By The Los Angeles Times
Sunday, March 2, 2014, 9:15 p.m.
 

CARACAS — Tens of thousands of students and other opponents of the Venezuelan government filled the streets of the capital on Sunday, putting a damper on President Nicolas Maduro's hopes that a mandated holiday might bring a respite from weeks of protests.

The march originated at four points near universities in Caracas that have been opposition hotbeds and converged on the Chacaito barrio, where opposition leader Leopoldo Lopez was arrested on Feb. 18, accused of incitement to violence.

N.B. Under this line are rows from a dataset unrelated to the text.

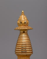This stunning 24K gold-plated stupa, with a solid copper body, is a powerful symbol of enlightenment and peace in Buddhist tradition. Standing 19 cm tall and 8 cm wide, the stupa represents the five elements of Buddhist cosmology: earth, water, fire, air, and space. Each tiered layer represents one of these components, combining physical existence with spiritual transcendence, while the foundation grounds the stupa in the earth element, representing the grounded start of spiritual development. The stupa's elongated dome, which represents the Buddha's knowledge and compassion, encourages meditative reflection.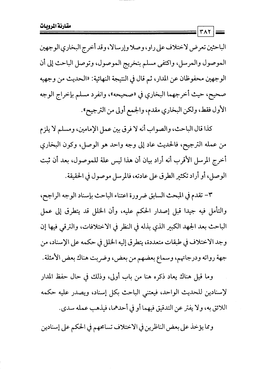 الباحثين تعرض لاختلاف على راو، وصلا وإرسالا، وقد أخرج البخاري الوجهين الموصول والمرسل، واكتفى مسلم بتخريج الموصول، وتوصل الباحث إلى أن الوجهين محفوظان عن المدار، ثم قال في النتيجة النهائية: «الحديث من وجهيه صحيح، حيث أخرجهما البخاري في «صحيحه»، وانفرد مسلم بإخراج الوجه الأول فقط، ولكن البخاري مقدم، والجمع أولى من الترجيح».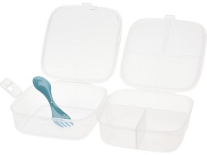 Praktický dělený svačinový box s příborem, je vhodný na svačiny do školy, do práce či na výlety.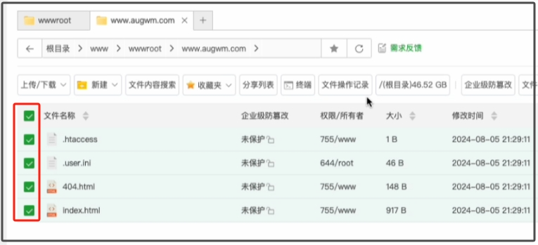 现在我们点击这个网址根目录,进入管理网站文件,全选这里的默认文件,然后删除这些文件。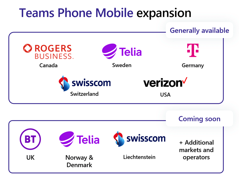 Teams Phone Mobile, une solution d’appel d’entreprise axée sur la mobilité, vous permet de permettre à votre personnel mobile d’utiliser un seul numéro de téléphone mobile fourni par l’entreprise comme numéro de Teams Phone, débloquant ainsi de nouvelles capacités et augmentant l’efficacité. Teams Phone Mobile est actuellement disponible aux États-Unis, au Canada, en Allemagne, en Suède et en Suisse, et sera disponible plus tard cette année au Danemark et en Norvège avec Telia et au Liechtenstein avec Swisscom.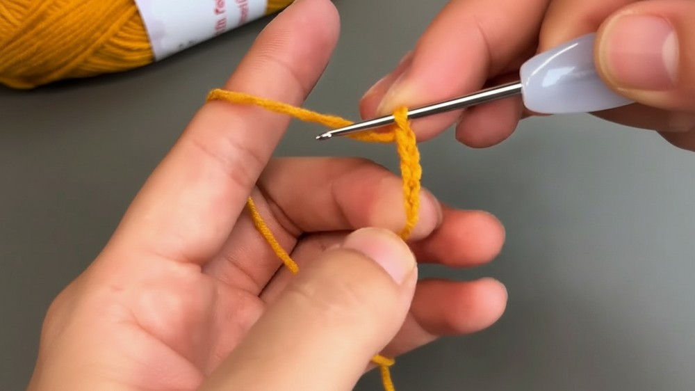 - Insert your hook into the second chain from the hook, yarn over, pull up a loop, then yarn over and pull through both loops (single crochet).

Opposition leaders say the charges against Lopez are politically motivated and have demanded his release from the military prison where he is being held in isolation.

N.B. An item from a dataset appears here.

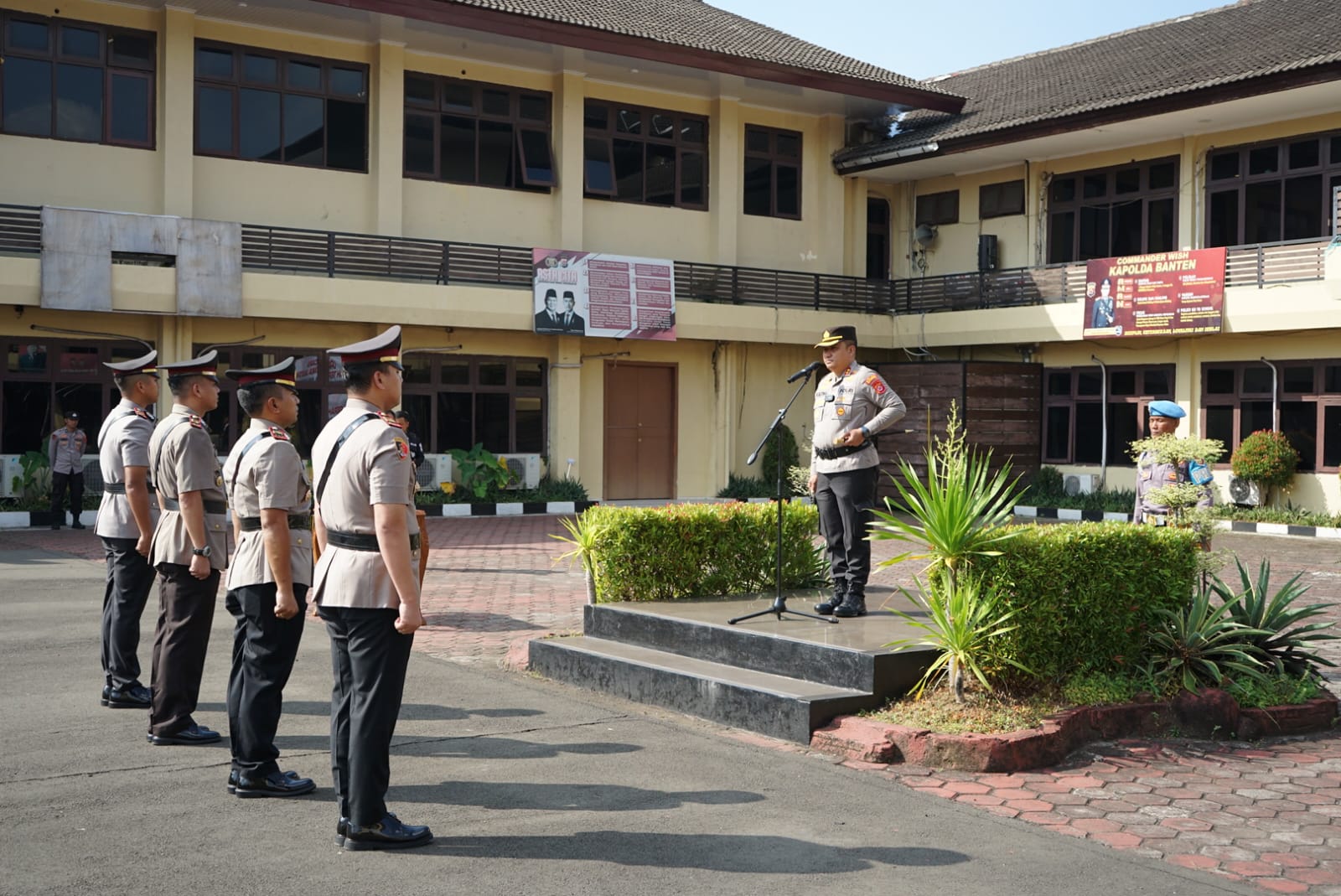 Cilegon - Kapolres Cilegon AKBP Dr. Martua Raja Taripar Laut Silitonga S.H S.IK M.S.I, memimpin langsung upacara pengangkatan dan serah terima jabatan (sertijab) tiga kapolsek di jajaran Polres Cilegon Polda Banten, kapolsek Kp Banten,Kapolsek Bojonegara  dan Kapolsek Puloampel, selasa ,14/4/26

Each of the four “feeder” marches had a theme built around a complaint against the Maduro administration: justice, scarcities, freedom and censorship.

The march took place a day after the release of 41 protesters detained late Friday by authorities in Altamira Square, a focal point of opposition to Maduro.

Also on Saturday, Tachira state Gov. Jose Vielma Mora said two national guard members had been injured while trying to clear debris from streets in the state capital of San Cristobal, a scene of ongoing clashes between students and authorities.

The government said Foreign Minister Elias Jaua will meet with U.N. Secretary-General Ban Ki-moon in Geneva on Tuesday to discuss the situation in Venezuela. Ban has called on Maduro to open a dialogue with the opposition.